F1 Score from Two Sets

Given a set \(R\) of expected or real elements and a set \(P\) of predicted elements, we can define the sets of true positives \(TP\), false positives \(FP\) and false negatives \(FN\) via basic set operations. $$\begin{align*} TP &= R \cap P\\ FP &= P \setminus R\\ FN &= R \setminus P \end{align*}$$

Based on these sets, we can define precision \(p\), aka confidence or true positive accuracy, and recall \(r\), aka sensitivity or true positive rate. $$\begin{align*} p &= \frac{|R \cap P|}{|P|} = \frac{|TP|}{|TP| + |FP|}\\ r &= \frac{|R \cap P|}{|R|} = \frac{|TP|}{|TP| + |FN|} \end{align*}$$

The F1 score is usually introduced as the harmonic mean of precision and recall or in terms of true positives, false positives and false negatives. The latter avoids division by zero if \(|TP| = 0\) as long as \(|FP| \neq 0\) or \(|FN| \neq 0\). $$ \begin{align*} F_1 &= \frac{2pr}{p + r}\\ &= \frac{2|TP|}{2|TP| + |FP| + |FN|} \end{align*} $$

Dice Coefficient

If we don't care about precision and recall, we can state \(F_1\) most easily in terms of the two sets \(R\) and \(P\) directly, namely as the cardinality of the intersection of \(R\) and \(P\) (the number of true positives) normalized by the arithmetic mean of \(|R|\) and \(|P|\). $$ F_1 = \frac{2|R \cap P|}{|R| + |P|} = \frac{|R \cap P|}{\frac{1}{2}(|R| + |P|)} $$

In this form the \(F_1\) score is known under the name of (Sørensen–)Dice coefficient. It is symmetric, thus the semantics attached to \(R\) and \(P\) don't really matter. Since we have \(0 \leq F_1 \leq 1\), we can define the Dice distance \(d_D\) as a semimetric of set distance within the same range by subtracting \(F_1\) from one: $$ d_D = 1 - F_1 $$

It is a semimetric because it satisfies non-negativity, identity of indiscernibles and symmetry, which is easy to see from the definition of \(F_1\) in terms of \(R\) and \(P\), but does not satisfy the triangle inequality, e.g. for the three sets \(A = \{a\}\), \(B = \{b\}\), and \(AB = \{a, b\}\) we get \(d_D(A, B) = 1\), \(d_D(A, AB) = \frac{1}{3}\) and \(d_D(AB, B) = \frac{1}{3}\), thus $$ d_D(A,B) \not\leq d_D(A, AB) + d_D(AB, B). $$

Digression: Jaccard Coefficient

The Dice coefficient is not the only measure of set similarity.
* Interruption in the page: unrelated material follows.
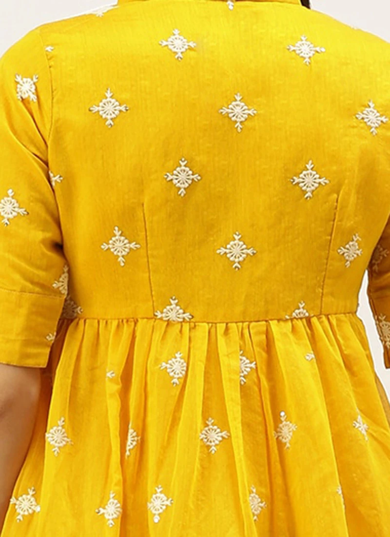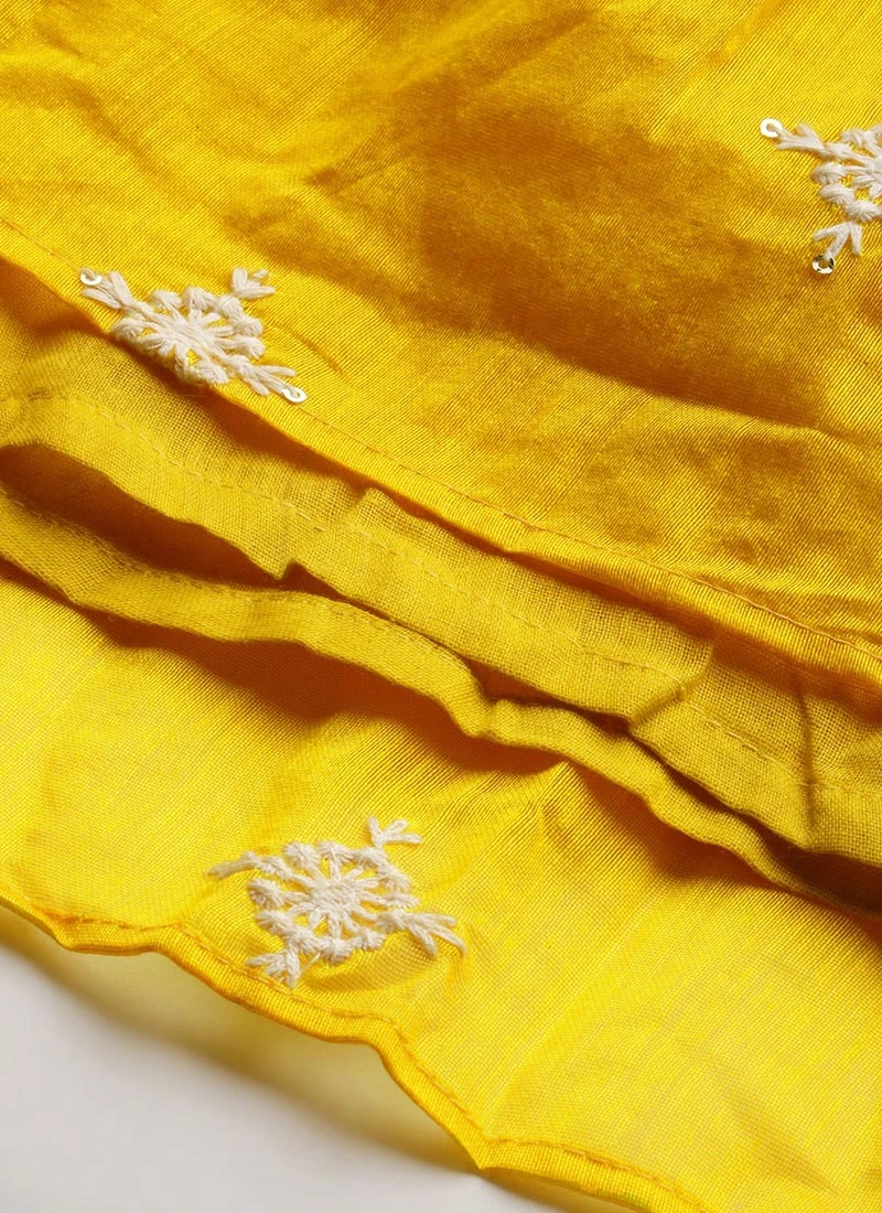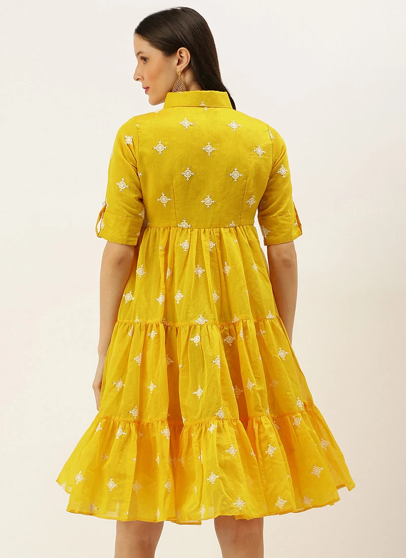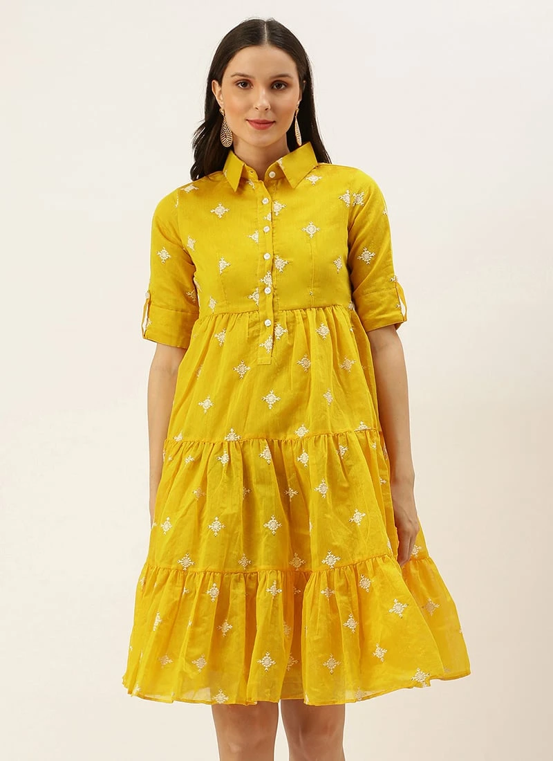 Yellow Chanderi Cotton Tiered Dress Festive Wear

Another (earlier) example of this kind of statistic is the Jaccard coefficient \(J\), aka Intersection over Union (IoU): the cadinality of the intersection of \(R\) and \(P\) divided by the cardinality of their union. It may also be stated in terms of true positives, false negatives and false positives, or in terms of \(F_1\). $$ \begin{align*} J &= \frac{|R \cap P|}{|R \cup P|}\\ &= \frac{|TP|}{|TP| + |FN| + |FP|}\\ &= \frac{F_1}{2 - F_1}\\ \end{align*} $$

The Jaccard distance \(d_J = 1 - J\) is a metric, as it satisfies not only non-negativity, identity of indiscernibles and symmetry, but also the triangle inequality (in contrast to \(d_D\)).
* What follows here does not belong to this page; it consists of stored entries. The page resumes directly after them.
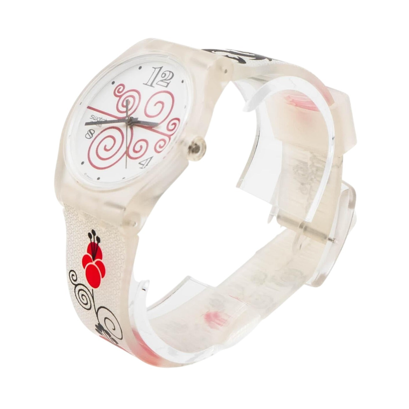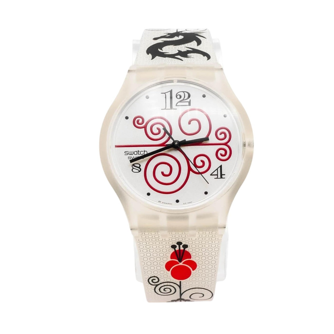 Celebrate the spirit of the 2008 Beijing Summer Olympics with this authentic Swatch Jelly in Jelly Good Destiny watch. Designed as a special edition, this unisex timepiece features the signature Swatch “Jelly in Jelly” design, meaning no metal touches the skin, making it lightweight and comfortable for all-day wear.
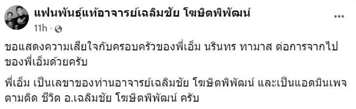 ขณะที่แฟนคลับอาจารย์เฉลิมชัย ต่างเข้ามาอาลัย ส่วนบางคนก็เล่าว่า เพิ่งคุยกันไปไม่นานเอง
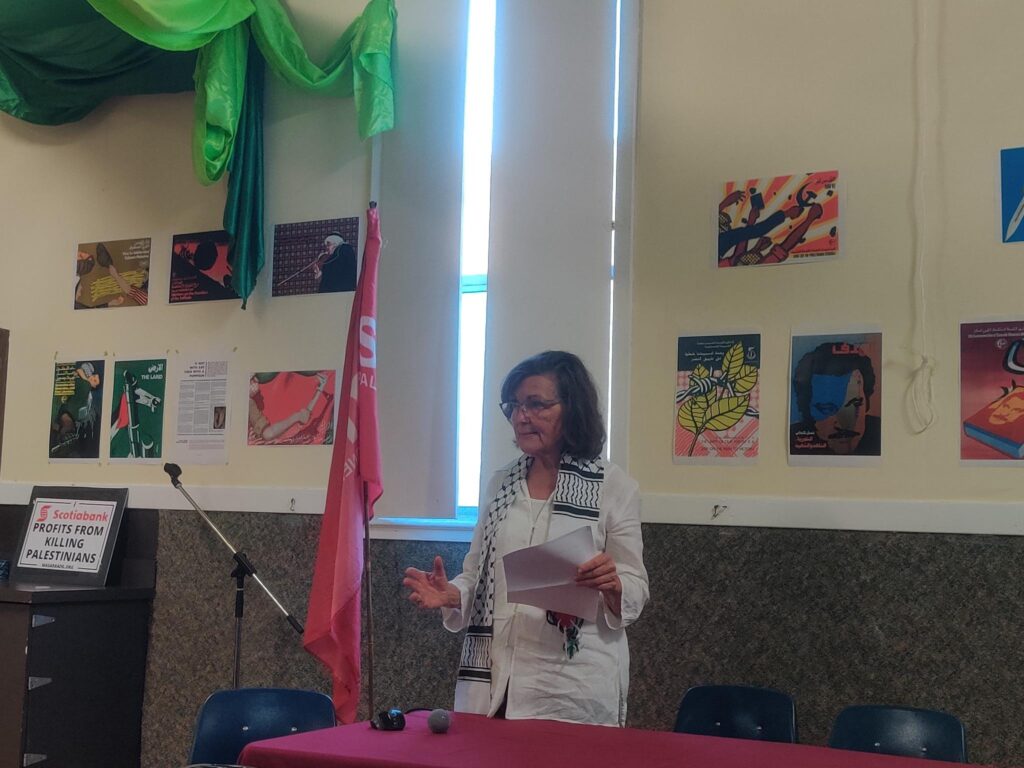 Kathy Copps of BDS Vancouver – Coast Salish, a retired teacher and labour activist, spoke about the growing campaign against Scotiabank (the Bank of Nova Scotia), one of Canada’s largest banks and currently the largest foreign investor in Elbit Systems. Elbit Systems is one of the most notorious Israeli arms manufacturers, producing 85% of the drones used by the occupation forces to target Palestinians throughout occupied Palestine for assassination. Elbit drones were just used earlier this month to assassinate three Palestinians in Jenin camp. Scotiabank is investing approximately $500 million in Elbit. She urged all to join in a campaign to confront Scotiabank and the Canadian government for their complicity in crimes against the Palestinian people, and to join the stand for Palestine and against Scotiabank on Saturday, 22 July.

Set Similarity vs. Classifier Performance

Assume that \(R\) and \(P\) are two subsets of another set \(S\), that is, we no longer have only two sets \(R\) and \(P\), but two binary partitions of \(S\), nameley the expected or real partition \(X = \{R, S \setminus R\}\) and the predicted partition \(Y = \{P, S \setminus P\}\). With this superset \(S\), we can define the set of true negatives \(TN\) as the intersection of the relative complements of \(R\) and \(P\) in \(S\): $$ TN = (S \setminus R) \cap (S \setminus P) $$

At this point we have all the information necessary for filling out the traditional binary contingency table.

R S \ R S
P |TP| |FP| |P|
S \ P |FN| |TN| |S \ P|
S |R| |S \ R| |S|

Note that \(TN\) is not defined if we have only two sets and thus does not affect the F score. For some tasks this is a desired property, e.g., in Information Retrieval (IR) or Named Entity Recognition (NER), where the set of true negatives can be ill-defined, uncountable or just extremely large. In other cases, where a superset \(S\) is clearly defined and we care about true negatives, the F score is not a good evaluation measure, e.g. when evaluating medical tests, for which you typically calculate sensitivity and specificity.

This page was moved from my old website.